Hadi ended his comments with a powerful statement about the roles we can all play in our communities. “And finally, something that might not seem optimistic but it ultimately is...This is an epidemic that has developed over time. And it's going to take years to get out of it. There is not going to be a single solution that's going to turn the tide. Not a switch to flip to make it go away. It's important to keep that in mind to highlight the importance of doing your individual part even if it feels miniscule or even if it feels you are not turning the tide overall. And to focus on prevention and education and not lose sight of that big picture of the importance of stopping that revolving door of individuals becoming addicted.”
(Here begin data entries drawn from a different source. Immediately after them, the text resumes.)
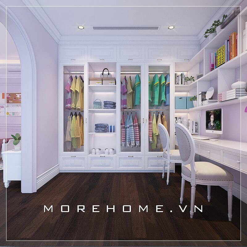 Tủ quần áo gỗ công nghiệp âm tường, tone màu trắng nhã nhặn kết hợp màu hồng nhẹ nhàng mang đến không gian phòng ngủ con thêm đẹp mắt, dễ thương hơn
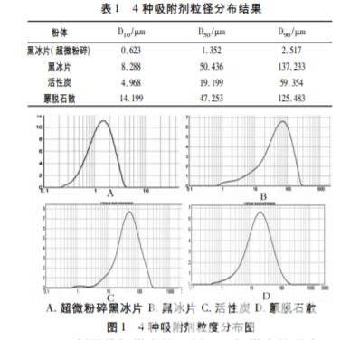 蒙藥黑冰片( har gabur) 為豬科動(dòng)物野豬 Sus scrofa L. 的干燥糞便,經(jīng)密封煅成炭用,有消食、平 息“希日”、殺“粘”、破痞之功效,用于寒“希日”病, 消化不良,黃疸,“希日”痞,“希日”疫、“粘”疫,胃 “希日”癥,“粘”痧等病癥。活性炭具有較好的 吸附作用,黑冰片與活性炭外表很相似,但是黑冰片 在作為炭狀物的吸附性能方面卻很少有相關(guān)研究, 因此本文對(duì)黑冰片吸附性能開(kāi)展了一系列研究,比 較了不同批次,不同粒徑黑冰片的吸附性能,并與活性炭、蒙脫石進(jìn)行比較,為探索其治療作用機(jī)理以及 新制劑、新功效的開(kāi)發(fā)提供實(shí)驗(yàn)數(shù)據(jù)支持。
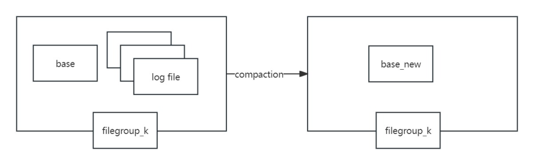 Compaction即base parquet文件与相同FileGroup下的其余log文件进行合并,生成最新版本的base文件。如下图所示:
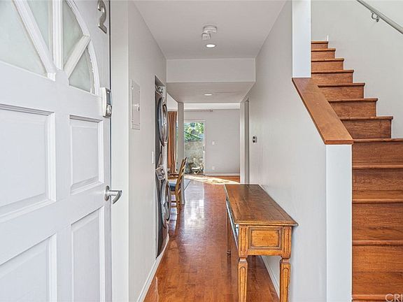 Welcome to this rare, quaint townhome in the most prime area of Valley Village on Whisett Avenue near absolutely everything! Just 8 units in this super quiet and bright two-story charmer where there are 2 bedrooms and 3 baths, one being a downstairs guest powder room. The quality of construction is modern and move-in ready. Enjoy the architectural plus where the second floor landing allows for viewing of the dining room below. Warm hardwood floors downstairs with recessed lighting, also large windows and balcony. Also of note is the wide-open living/dining room and modern kitchen with stainless steel appliances. Washer Dryer area included to make living easy. Come quick to feel out this one-of-a-kind delight!
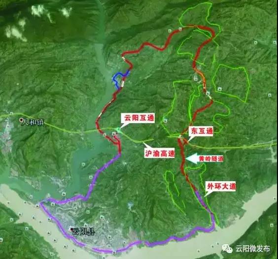 云陽東互通立交工程將新建高速公路連接線一條,全長2441米,主線整體式路基寬度24.5米,其中,新建橋梁5座,總長1117.4米,總投資近2億元。
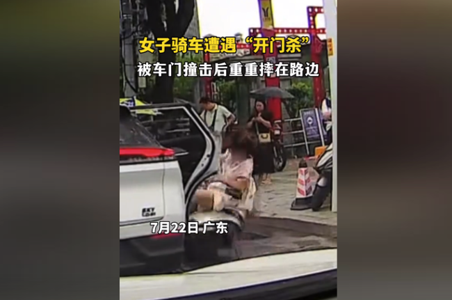 7月22日,广东。这一下撞的不轻。女子骑车遭遇开门杀,被车门撞到后重重摔在路边。
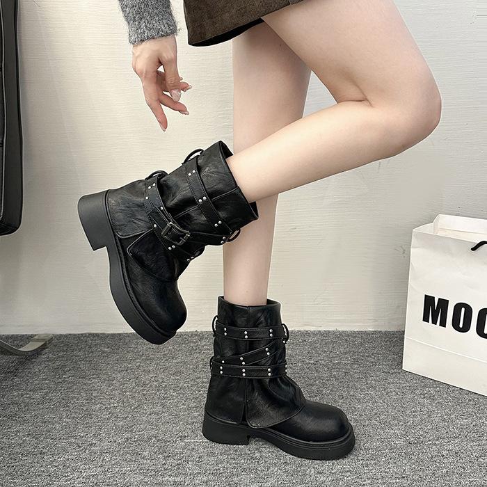 Ботильоны Maillard 2025 новая ретро круглая голова нишевый дизайн средние сапоги заклепки рыцарские сапоги
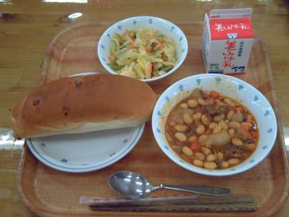 今日の献立は,チーズコッペパン・牛乳・大豆と牛肉のトマト煮・野菜のホットマリネでした。大豆がたくさん入っていましたが,トマト味でおいしく食べられました。野菜のホットマリネは,りんご酢のやさしい味でさっぱりいただきました。
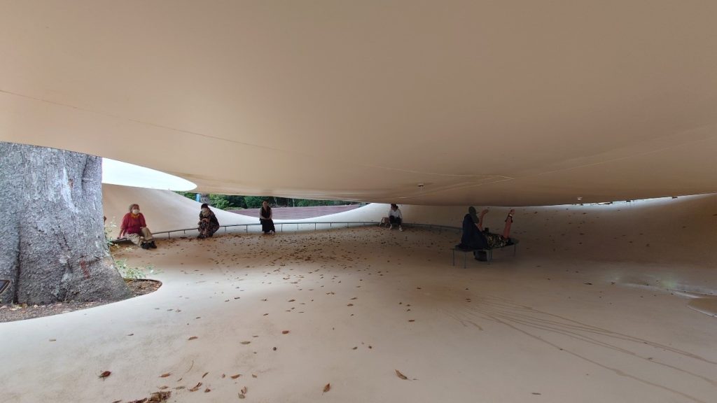 晴季にも訪れたここは落ち着く先かも。鉄板ミルフィーユの間に居る無柱空間の居心地は何じゃらほい!。ツアー疲れでうねった鉄板の上に寝そべる心地よさ、これはタマタマか。作者はそんなこともあるかとベンチや屋根に水まきしたものが垂れてきてその音が響くことも計算済みか。
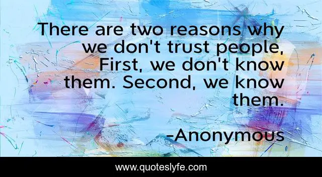 This page presents the quote "There are two reasons why we don't trust people, First, we don't know them. Second, we know them.". Author of this quote is Anonymous. This quote is about lies, believe, trust, belief,.
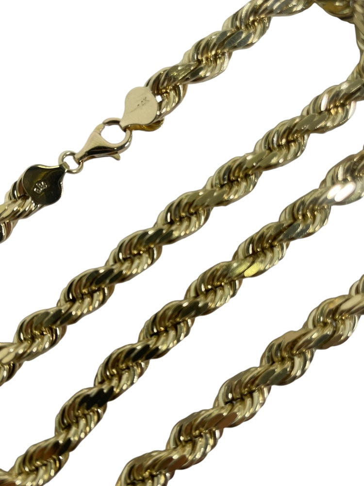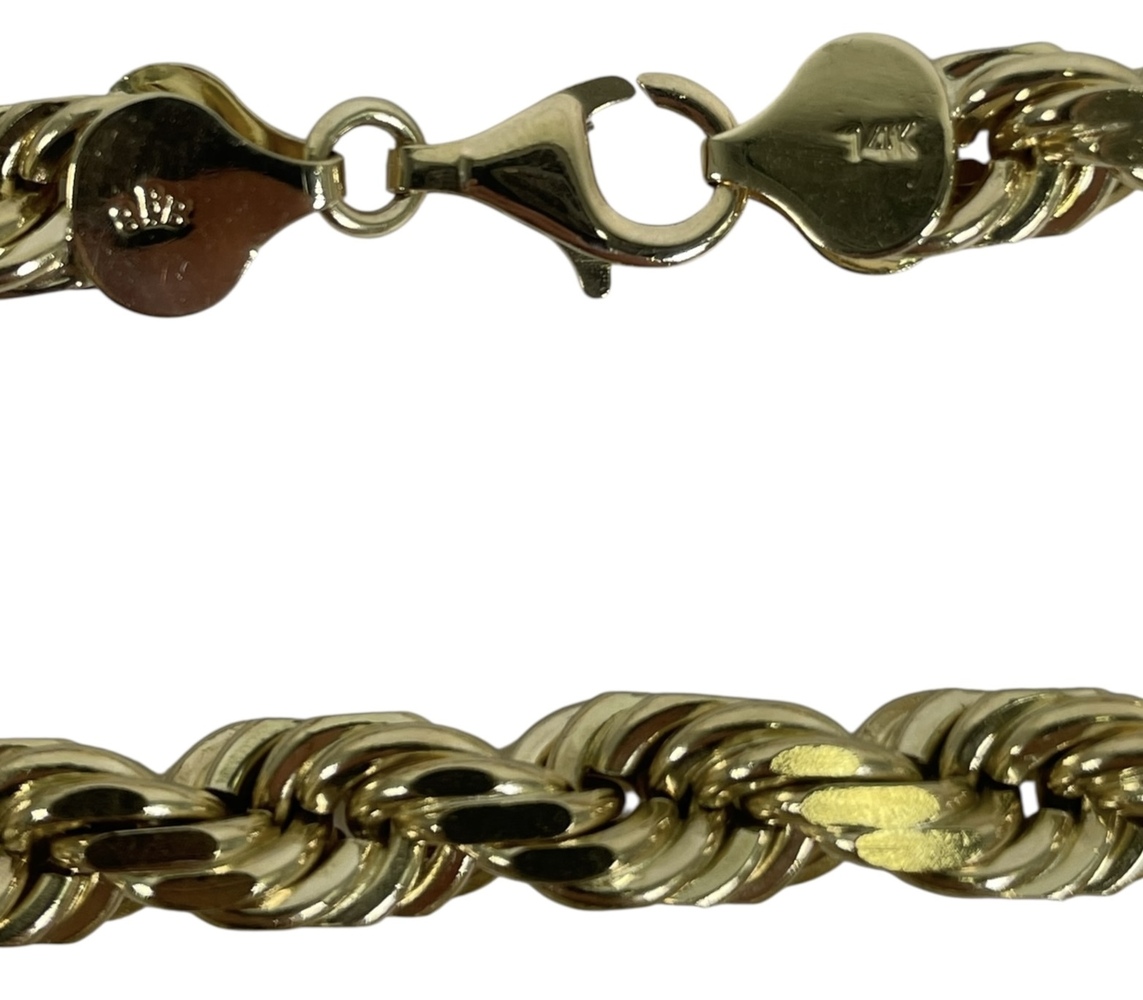 14K Yellow Gold 22 in. 8.0mm Solid Diamond Cut Rope Chain 117.3g
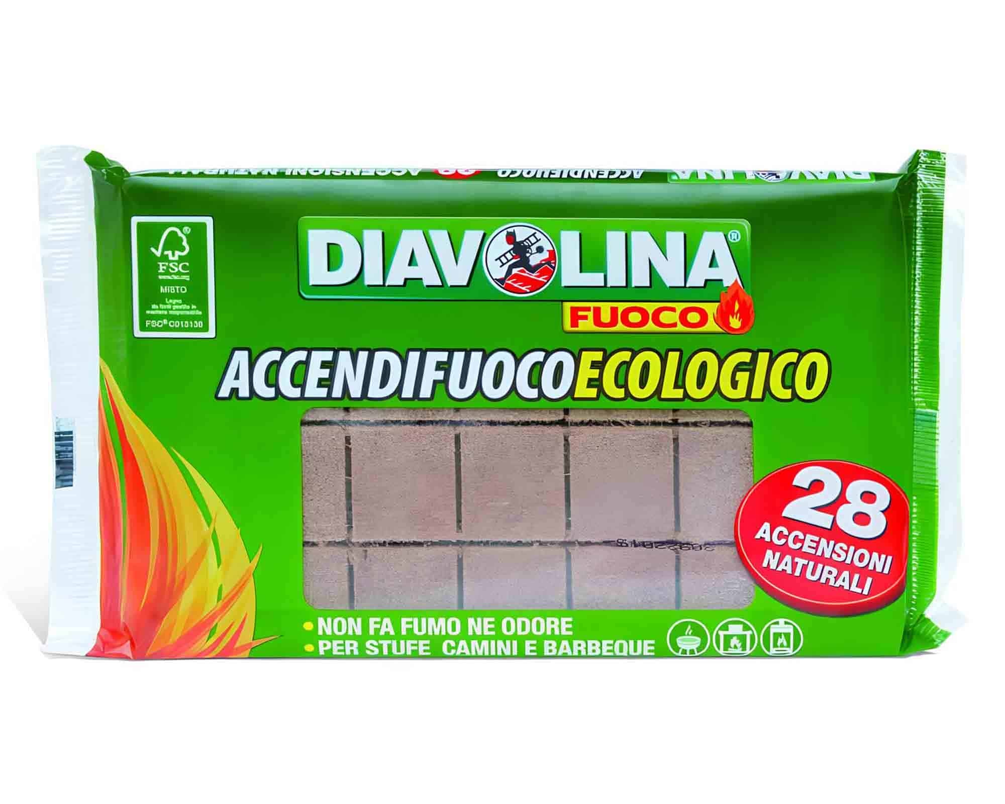Il Diavolina Accendifuoco Naturale è un accendifuoco ecologico realizzato con legno certificato FSC, proveniente da foreste gestite in modo responsabile, garantendo sostenibilità e rispetto per l’ambiente. Grazie alla sua composizione a base di energie rinnovabili, questo accendifuoco consente di avviare camini, stufe e barbecue in modo pratico, sicuro e senza cattivi odori.
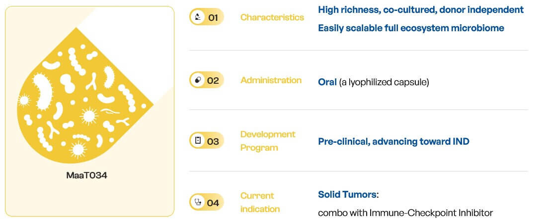 MaaT034, the first-in-class co-cultured product, is aiming at optimizing intestinal microbiome functions prior to and during immunotherapy in major oncology indications, and become a (neo)-adjuvant therapy across ICI therapies, leading to better survival in cancer patients. The objective of MaaT Pharma is to develop MaaT034 as tumor-agnostic adjunctive therapies to ICI (i.e. administration before and in combination with ICI whatever the type of cancer) leading to improved clinical outcomes and lower incidence of complications than using ICI alone.
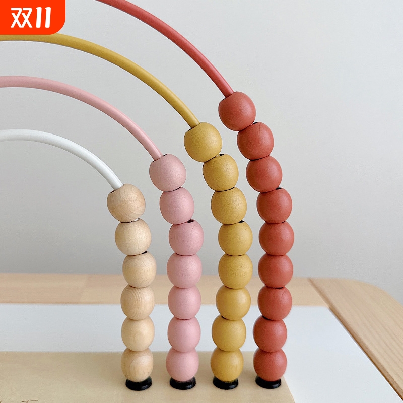 木制北欧风四色珠算架儿童加减学习法计数器算术架教具益智玩具批
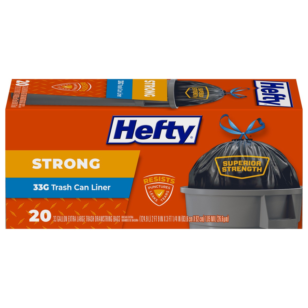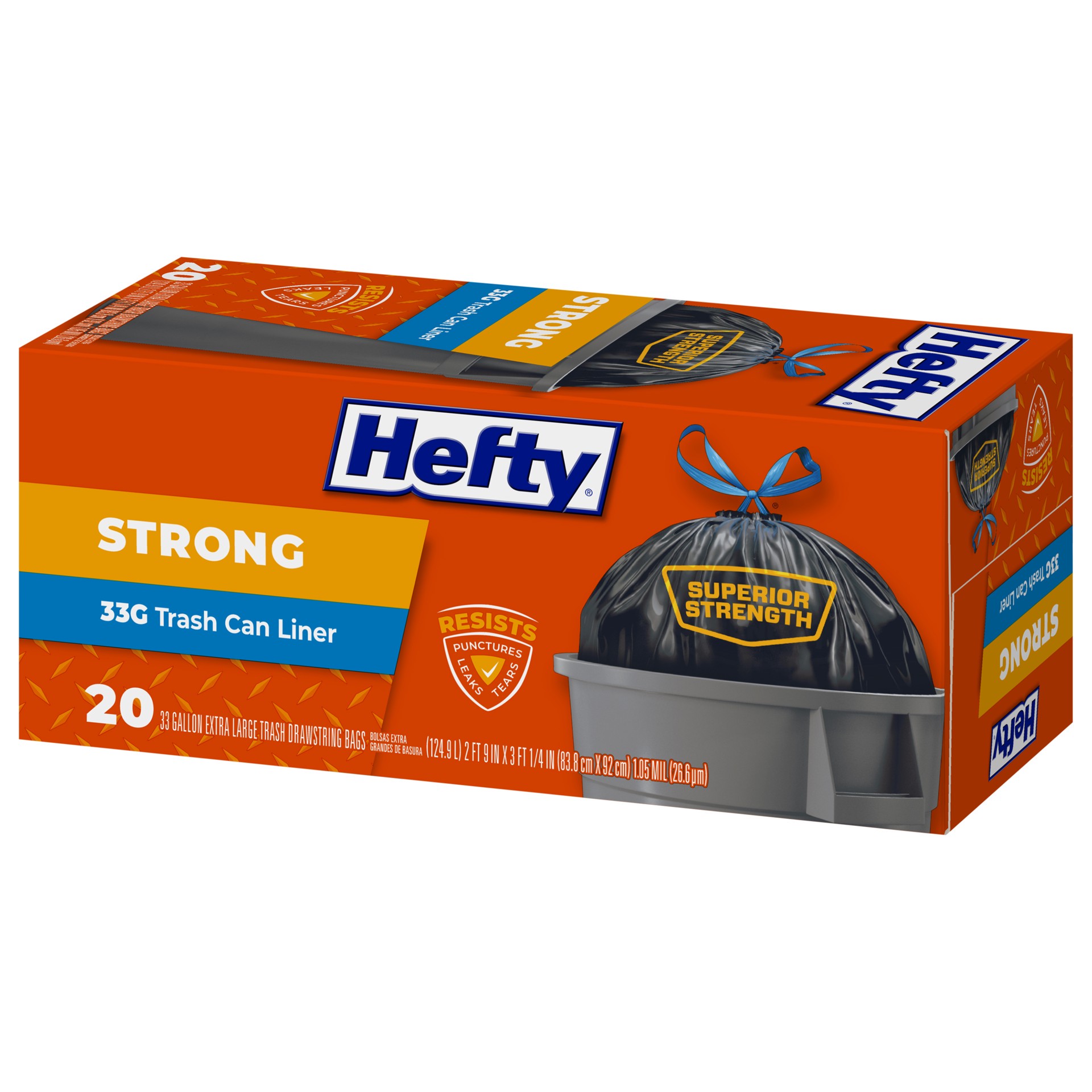 Hefty Trash Bags Drawstring Extra Strong Extra Large Trash Can Liner 33 Gallon - 20 Count

The town hall concluded with the panelists and participants being invited to share a word or phrase to reflect what they see as most important in relation to libaries responding to this crisis. The panelists comments included "resilience," "understanding the problem," and "partnerships across the community." The participant comments and ideas were also captured in the transcript from the event and in this word cloud:


As the session closed, participants were reminded that the town hall was a first step by WebJunction and PLA to bring the library community together to explore this important topic. Libraries play a key role in their communities and this crisis represents another opportunity to provide information, support and compassion when it's needed most.

A recording of the town hall is available for review, as well as a growing compilation of resources related to the crisis. Tweets from the town hall are at #libsopioidtownhall, and we've started a Facebook group, Libraries and the Opioid Crisis for further information and resource sharing. We invite you to join us there to continue the conversation. 

 

Endnote:
1. Drug overdose deaths in the United States continue to increase in 2015. Centers for Disease Control and Prevention, National Center for Injury Prevention and Control, Division of Unintentional Injury Prevention. Accessed: September 21, 2017.